The prohibition or even labelling of GE foods is resisted by the industry and often referred to by them as a ‘barrier to trade’.
Trading away rights
In trade deals such as the
US-Australia Free Trade Agreement
(FTA), the GE industry attempts to push its products onto the world.
The World Trade Organisation (WTO) has also been criticised for
promoting corporate interests in the name of trade. The
Biosafety Protocol
allows countries the right to ban imports of living modified organisms
and can act as a safeguard against the US-led push to force GE products
onto consumers worldwide.
GE spin
Corporate spin that GE will solve world hunger is a myth. Instead,
GE crops are grown to sell patented seeds and their accompanying
chemicals.
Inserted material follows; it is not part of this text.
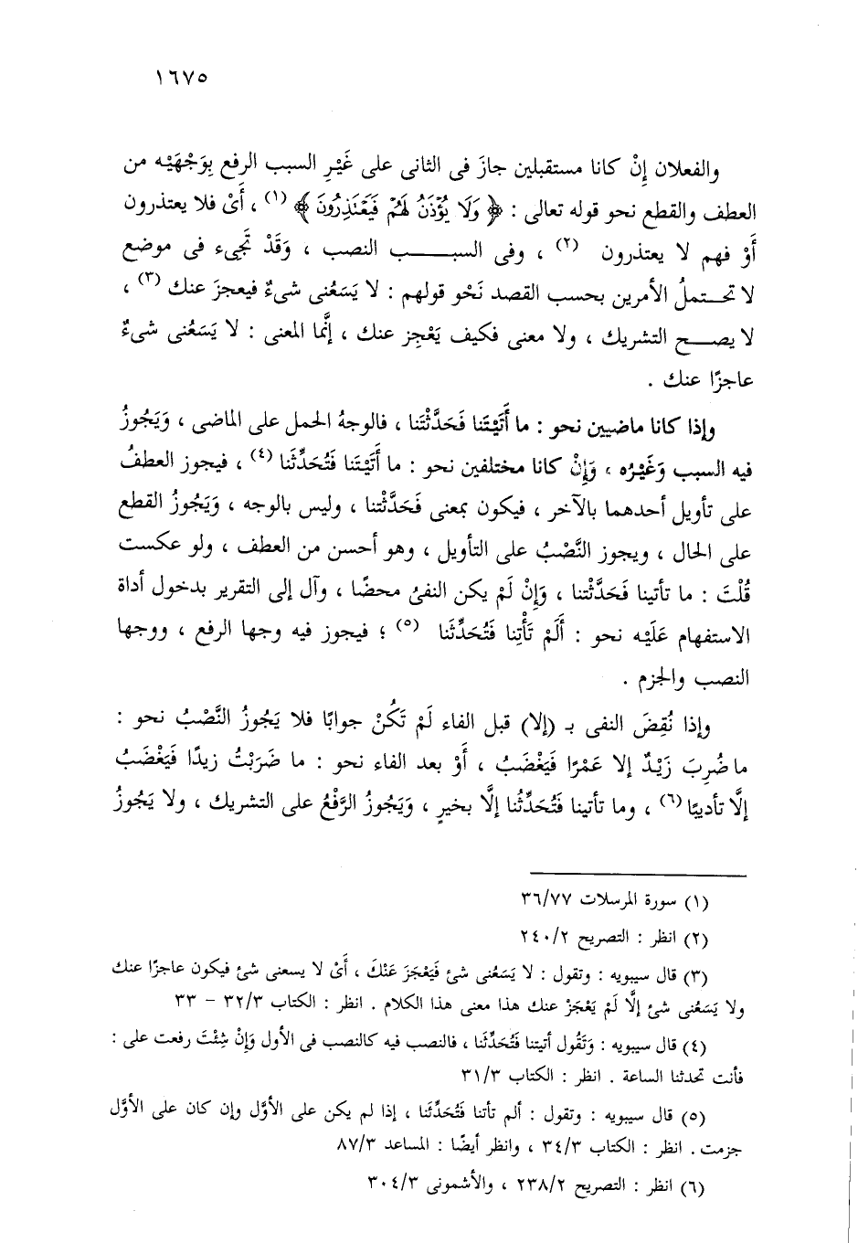والفعلان إن كانا مستقبلين جاز في الثاني على غير السبب الرفع بوجهيه من العطف والقطع نحو قوله تعالى: «ولا يؤذن لهم فيعتذرون»، أي فلا يعتذرون أو فهم لا يعتذرون، وفي السبب النصب، وقد تجيء في موضع لا تحتمل الأمرين بحسب القصد نحو قولهم: لا يسعني شيء فيعجز عنك، لا يصح التشريك، ولا معنى فكيف يعجز عنك، إنما المعنى: لا يسعني شيء عاجزًا عنك.

Far from feeding the world, up to 80 per cent of the
resultant crops are used to feed animals – animals bred for products
mostly consumed in Europe, the Americas and Japan.
Commercialising life itself
The GE industry also exerts its corporate control by
patenting its GE products.
Patents on living organisms such as seeds, allow corporations to
privatise and commercialise life itself. GE patents are enabling
corporations like Monsanto to receive royalties for living products.
Several farmers have been jailed in the US for patent violation and
companies such as Monsanto are investigating approximately 500 farmers
and farms for evidence of use of Monsanto’s patented products. Further,
any farmer who chooses GE seeds must not only sign a legally binding
contract, but is prohibited from collecting and reusing his seed
according to the age-old farming practice.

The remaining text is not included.